Мы вышли, наконец, со Светланой из хаты и вскоре оказались на краю села, где стояла крохотная «рудая», красно-рыжая, хатка с металлическим петушком на крыше. Двери кузни были открыты...
В горне горел огонь, и старик с гривой седых волос, подобранных ремешком, молча работал мехами. Я долго разглядывала тесную старинную кузню, привезенную с Полтавщины: наковальня, точильный станок — ручной и ножной, длинный стол, заваленный металлическими деталями, стертая кожа мехов и ярко-рыжий с черными опалинами зев горна...
Кузнец подошел к нам, протянул руку и назвался Николаем Станиславовичем Вавриневичем.
— Сам я 99-го года рождения, закоптывся малость, — пошутил Николай Станиславович, — но когда увидел объявление, что музею коваля треба, то и пишов. Я почти тридцать лет проработал кузнецом на заводе...
— А что приходится делать здесь? — спросила я.
— Да все, что в жизни людям приходилось робить, то и роблю. Оси для телег, пидковы, задвижки, завесы, стремянки — звоны подвешивать и даже кресты для церквей. Крест-то красиво в небе сияет, а выходит из черноты горна...
По дорогам, идущим от села к селу, можно бродить день, другой, третий — и все кажется: что-то не досмотрел, не заметил, не узнал. Такое архитектурно-этнографическое богатство кругом! Ведь каждая деталь со значением, со смыслом... Вот каменная плита перед порогом закарпатской хаты — считалось, чем больше плита, тем лучше хозяин. Серебрится под дождем крыша церкви, крытая гонтом: как хитро — с помощью пазов — мастера подгоняли эти дощечки друг к другу! Гроздь калины висит на дверях одной хаты с Подолья, а на другой — два початка кукурузы: значит, в первом доме девушка на выданье, а во втором — парень...
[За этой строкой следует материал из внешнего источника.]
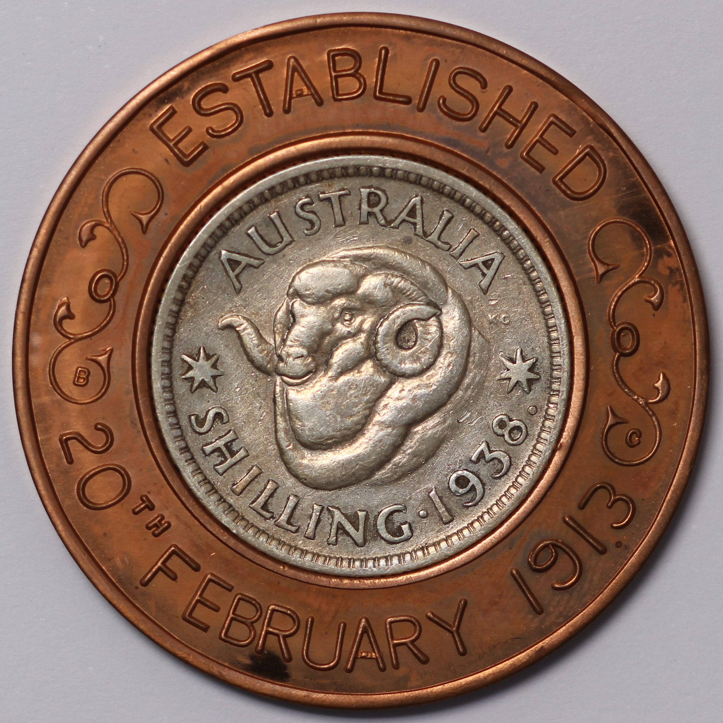 2015 Australian Numismatic Society Medallion Encased 1938 Shilling
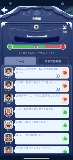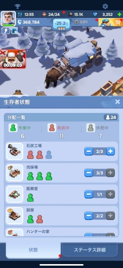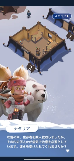 こうしたシステムはスマホで遊ぶスタイルと相性がよく,ちょちょいと操作したらあとは画面を見る必要もない。空いた時間に10分程度画面を触るだけで,氷と雪の世界を生き抜くサバイバル感が味わえる。

Так идешь и читаешь с помощью знающих людей «книгу» о том, как жило дореволюционное украинское село. Целый мир открывается перед тобой... И оттого, что видишь не одну-две хаты, а улицу села со всеми особенностями ее планировки, видишь дворы разных по социальному положению хозяев, оттого, что каждая усадьба не только хата, а целый комплекс со всеми постройками, со всеми деталями быта, мир этот, ушедший в прошлое, кажется реальным и достоверным. Как тот, который открыли археологи, обнаружив при строительстве Киевского метро, глубоко в земле, срубы IX—XI веков...
Л. Пешкова, наш спец. корр. Фото А. Маслова, О. Коняева, В. Савича
Киев
Угольные кроты
Если в Боготе вы начнете расспрашивать о детском труде, то услышите весьма уклончивые ответы: «В сельской местности он кое-где применяется. Но это вполне естественно: когда отец нанимается на сбор кофе, он обычно берет с собой помогать всю семью». На прямой же вопрос, работают ли дети в шахтах, следует категоричное: «Нет, такого не бывает».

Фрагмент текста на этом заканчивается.